Data provided Block Start

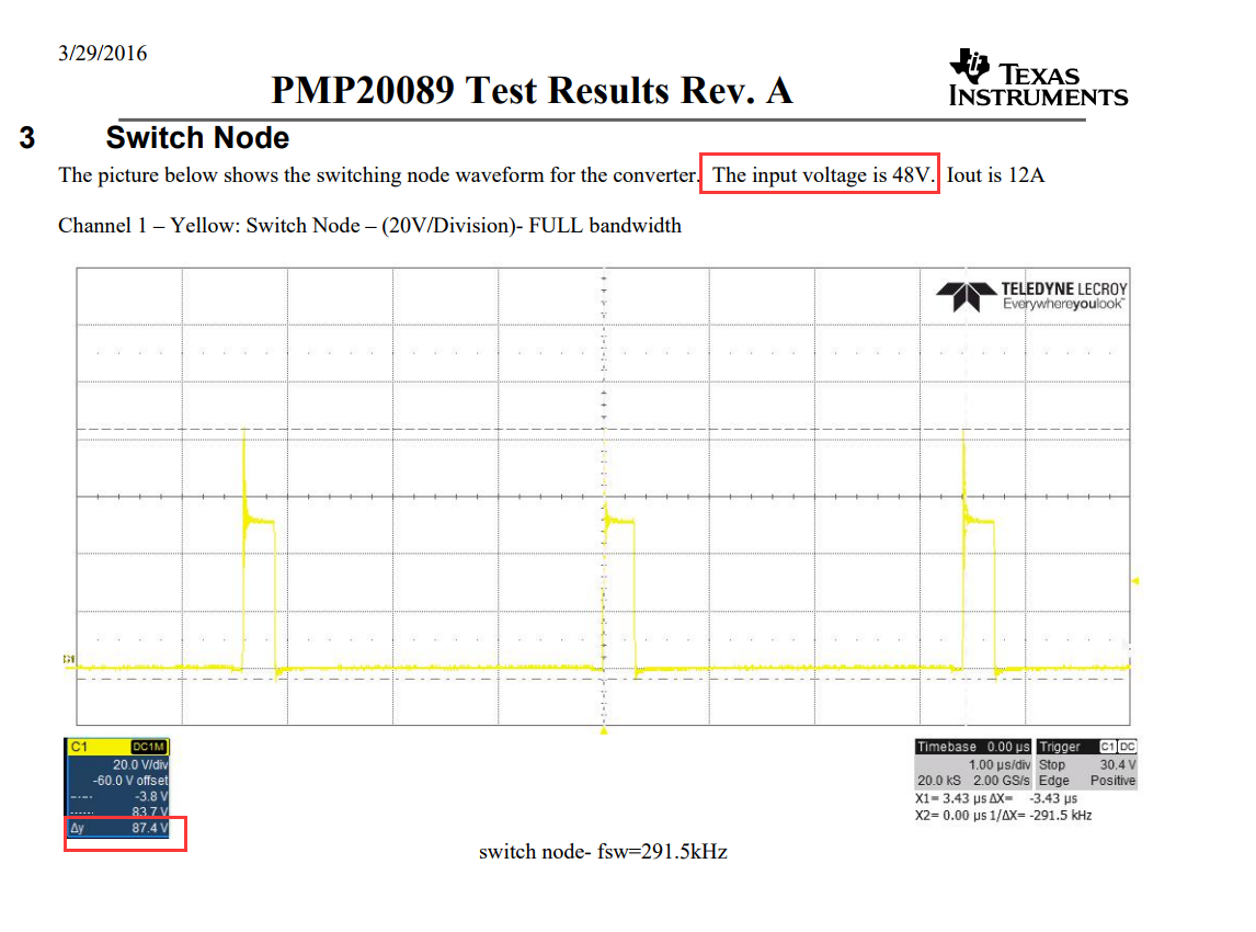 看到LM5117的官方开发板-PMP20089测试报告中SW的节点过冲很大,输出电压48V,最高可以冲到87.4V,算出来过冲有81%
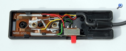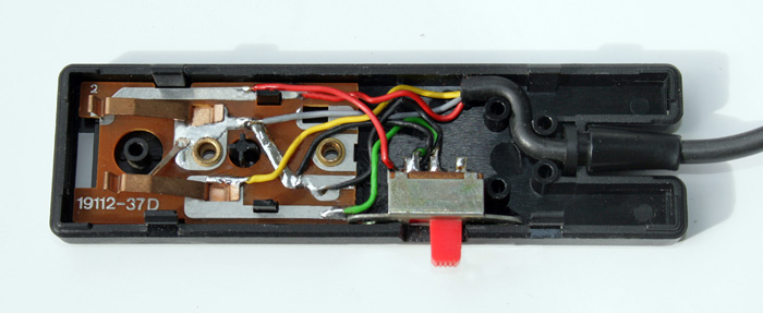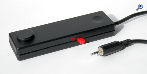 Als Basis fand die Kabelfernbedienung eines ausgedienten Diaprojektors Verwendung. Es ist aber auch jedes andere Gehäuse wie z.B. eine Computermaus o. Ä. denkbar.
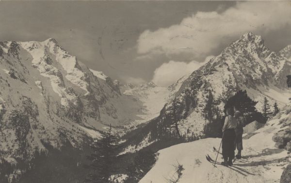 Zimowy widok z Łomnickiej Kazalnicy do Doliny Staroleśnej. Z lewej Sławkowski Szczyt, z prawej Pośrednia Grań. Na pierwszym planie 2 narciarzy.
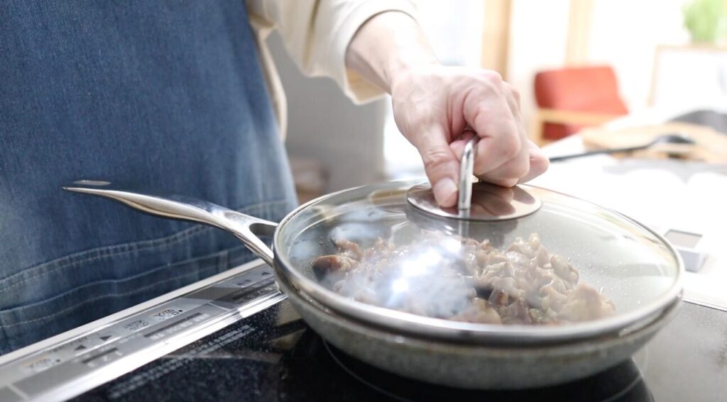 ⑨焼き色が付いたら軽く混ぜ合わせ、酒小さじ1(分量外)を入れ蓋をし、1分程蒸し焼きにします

Data provided Block End
Data provided Block Start

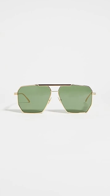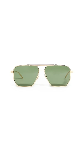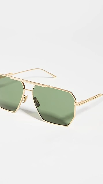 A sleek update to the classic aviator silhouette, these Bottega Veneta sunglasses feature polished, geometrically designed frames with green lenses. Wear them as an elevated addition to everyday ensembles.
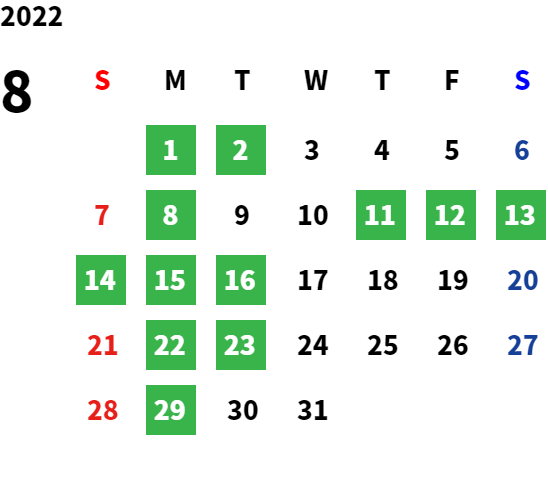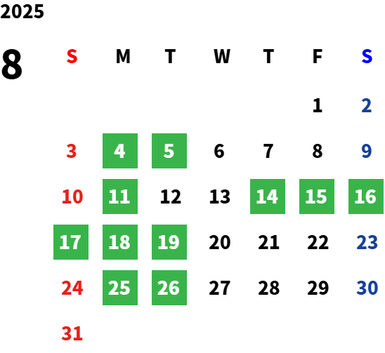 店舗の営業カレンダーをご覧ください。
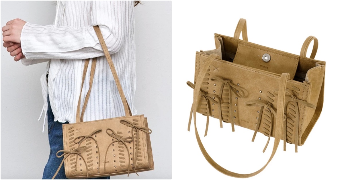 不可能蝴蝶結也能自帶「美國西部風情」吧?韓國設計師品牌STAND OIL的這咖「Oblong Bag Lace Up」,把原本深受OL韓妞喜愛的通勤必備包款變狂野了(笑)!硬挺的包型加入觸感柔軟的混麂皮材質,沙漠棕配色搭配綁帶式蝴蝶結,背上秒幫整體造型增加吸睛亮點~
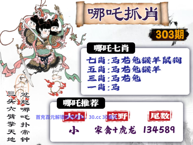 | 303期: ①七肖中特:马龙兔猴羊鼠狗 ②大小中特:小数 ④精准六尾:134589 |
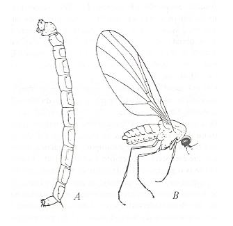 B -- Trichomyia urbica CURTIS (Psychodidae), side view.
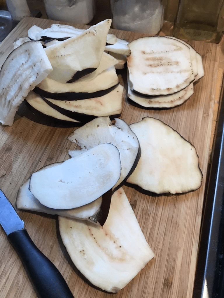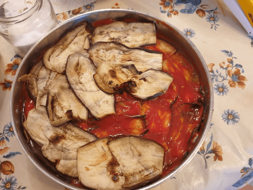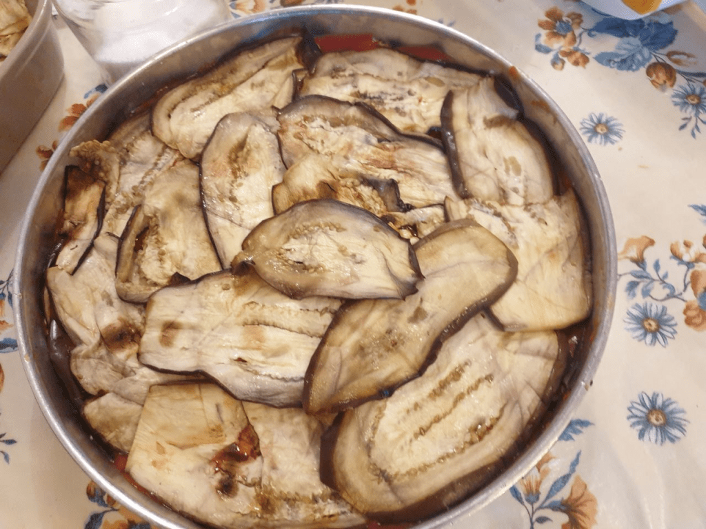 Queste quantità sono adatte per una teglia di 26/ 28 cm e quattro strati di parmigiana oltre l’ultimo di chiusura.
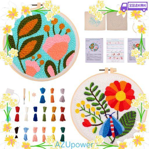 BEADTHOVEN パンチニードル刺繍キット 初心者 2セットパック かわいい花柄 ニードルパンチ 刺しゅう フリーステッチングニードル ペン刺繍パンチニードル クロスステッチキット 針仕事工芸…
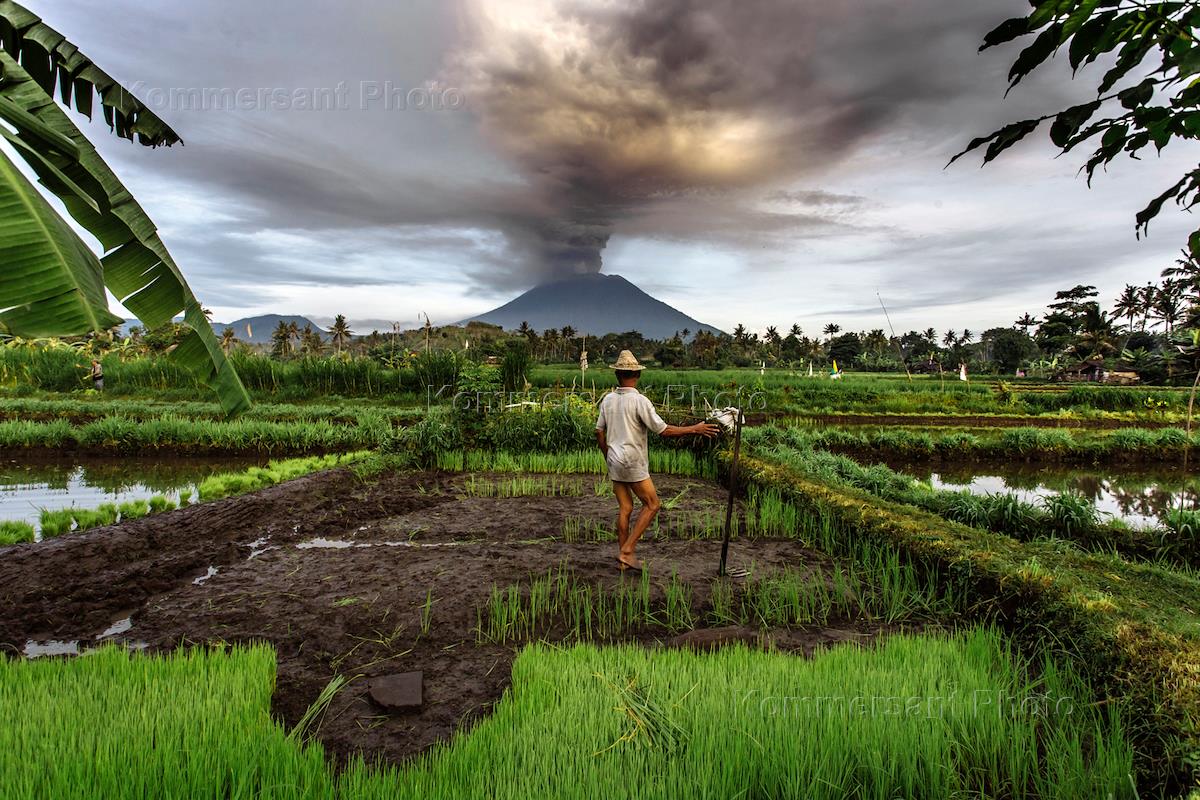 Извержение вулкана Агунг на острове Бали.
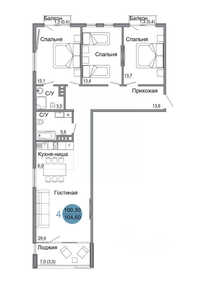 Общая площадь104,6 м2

Data provided Block End

■ Exercise aim
Reproduce exactly the lines above that run from the one with "A sleek update" to the one with "Общая площадь104,6 м2", both included, leaving pictures out.

■ Answer space
 A sleek update to the classic aviator silhouette, these Bottega Veneta sunglasses feature polished, geometrically designed frames with green lenses. Wear them as an elevated addition to everyday ensembles.
 店舗の営業カレンダーをご覧ください。
 不可能蝴蝶結也能自帶「美國西部風情」吧?韓國設計師品牌STAND OIL的這咖「Oblong Bag Lace Up」,把原本深受OL韓妞喜愛的通勤必備包款變狂野了(笑)!硬挺的包型加入觸感柔軟的混麂皮材質,沙漠棕配色搭配綁帶式蝴蝶結,背上秒幫整體造型增加吸睛亮點~
 | 303期: ①七肖中特:马龙兔猴羊鼠狗 ②大小中特:小数 ④精准六尾:134589 |
 B -- Trichomyia urbica CURTIS (Psychodidae), side view.
 Queste quantità sono adatte per una teglia di 26/ 28 cm e quattro strati di parmigiana oltre l’ultimo di chiusura.
 BEADTHOVEN パンチニードル刺繍キット 初心者 2セットパック かわいい花柄 ニードルパンチ 刺しゅう フリーステッチングニードル ペン刺繍パンチニードル クロスステッチキット 針仕事工芸…
 Извержение вулкана Агунг на острове Бали.
 Общая площадь104,6 м2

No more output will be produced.